The drug, a generic equivalent of Pfizer's diflucan,
is used in the treatment of patients with
Aids-related thrush, a fatal type of meningitis.
"We challenge Pfizer and the Pharmaceutical
Manufacturers Association (PMA) to take steps
against us for contravening the patents rights act,"
said TAC chief Zackie Achmat. The 5 000 tablets will
be distributed among doctors who in turn will
dispense them on prescription.
Achmat said his organisation would hand over some of
the drugs to the Medicine Control Council (MCC).

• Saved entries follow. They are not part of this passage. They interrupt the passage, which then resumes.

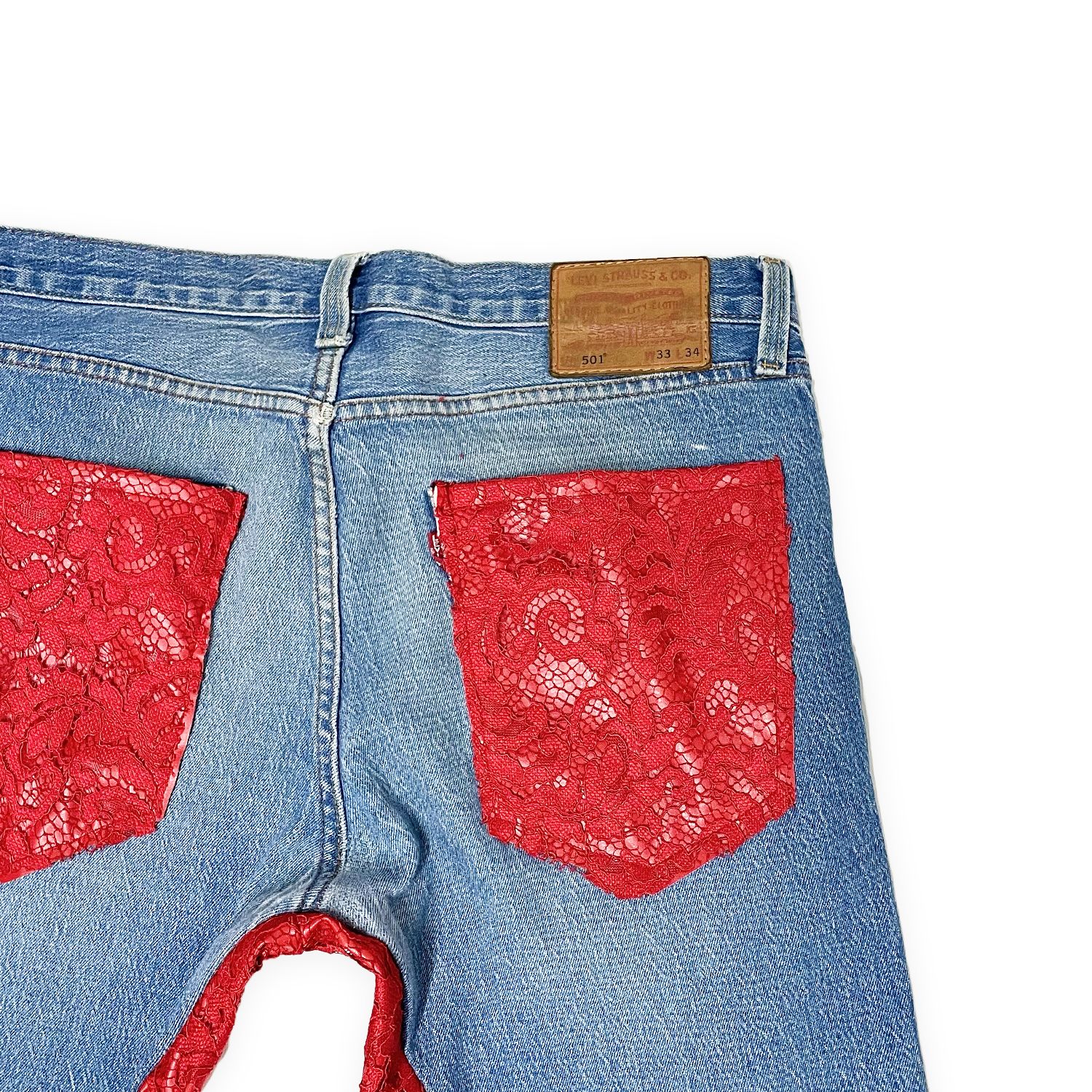 Pantalone 4 tasche dalla linea dritta. Chiusura con zip coperta. Realizzato in denim con inserti in pizzo rosso, classico segno riconoscitivo del brand. I baci nella zona centrale dei pantaloni sono caratteristici di questo modello eccentrico e riconoscibile.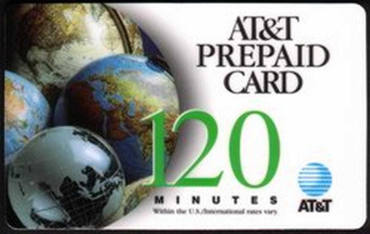 The card’s layout includes the denomination of 120 meters, indicating the amount of prepaid calling time available for use. The globe imagery reflects the worldwide reach of AT&T’s prepaid phone services. The card is part of a promotional issue, designed for collectors or prepaid phone users who benefit from international communication options. The use of clean typography and the AT&T brand name establishes its authenticity and corporate identity.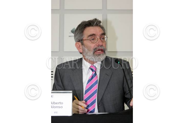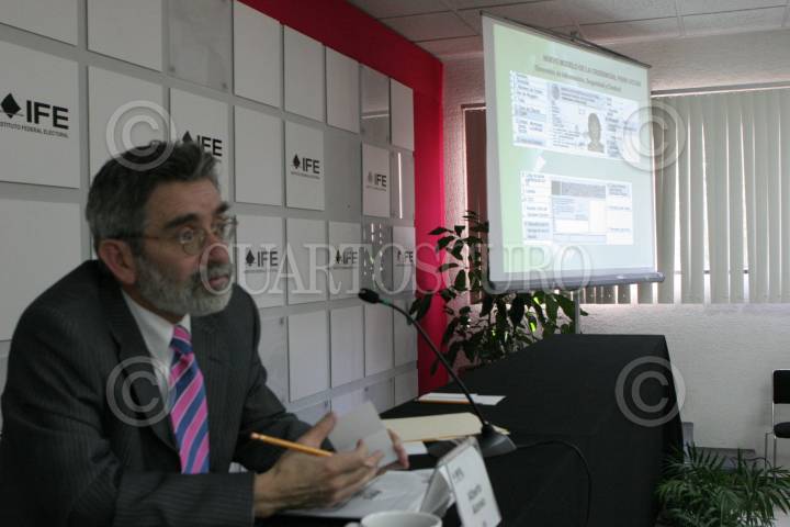 MÉXICO, D.F., 08ENERO2008.- El director ejecutivo del Registro Federal de Electores, Alberto Alonso y Coria, ofreció conferencia de prensa para informar informó que al cierre de 2007 un total de 75 millones 82 mil 153 ciudadanos se habían inscrito al Padrón Electoral, además mostró el nuevo formato de credencial para votar. FOTO: CUARTOSCURO.COM

It is prohibited to issue prescription drugs without
the permission of the MCC.
Biozole is manufactured in Thailand and costs about
R1.78 per tablet compared to the R80.24 for diflucan
in the private sector and R28.75 in government
"Through our action we want to show that the drugs
need not be expensive, we want to show it is
possible to distribute them," said Morna Cornell of
She asserts that this is a symbolic step as they are
not in a position to buy enough drugs for
distribution among all of the 4.2 million HIV/Aids
sufferers in South Africa.
Pfizer earlier offered to donate a certain amount of
diflucan to the state, however, the process has
still not been concluded.
"The aim is not only to make cheaper drugs available
to state patients, but also to force down the price
for private patients," said Aids Law Project chief
Mark Heywood. "The pharmaceutical industry will have
to place human life ahead of profits."
During his visit to Thailand, Achmat compared the
prices of several other generic drugs to those of
the original medicine.
Combivir, an anti-retro viral drug, manufactured
from AZT and 3TC sells at about R20 per dosage in
the private sector in South Africa. In India the
generic equivalent is sold at R5.43.
"Profits gained by manufacturers should no longer be
the indicator of who lives and for how long,"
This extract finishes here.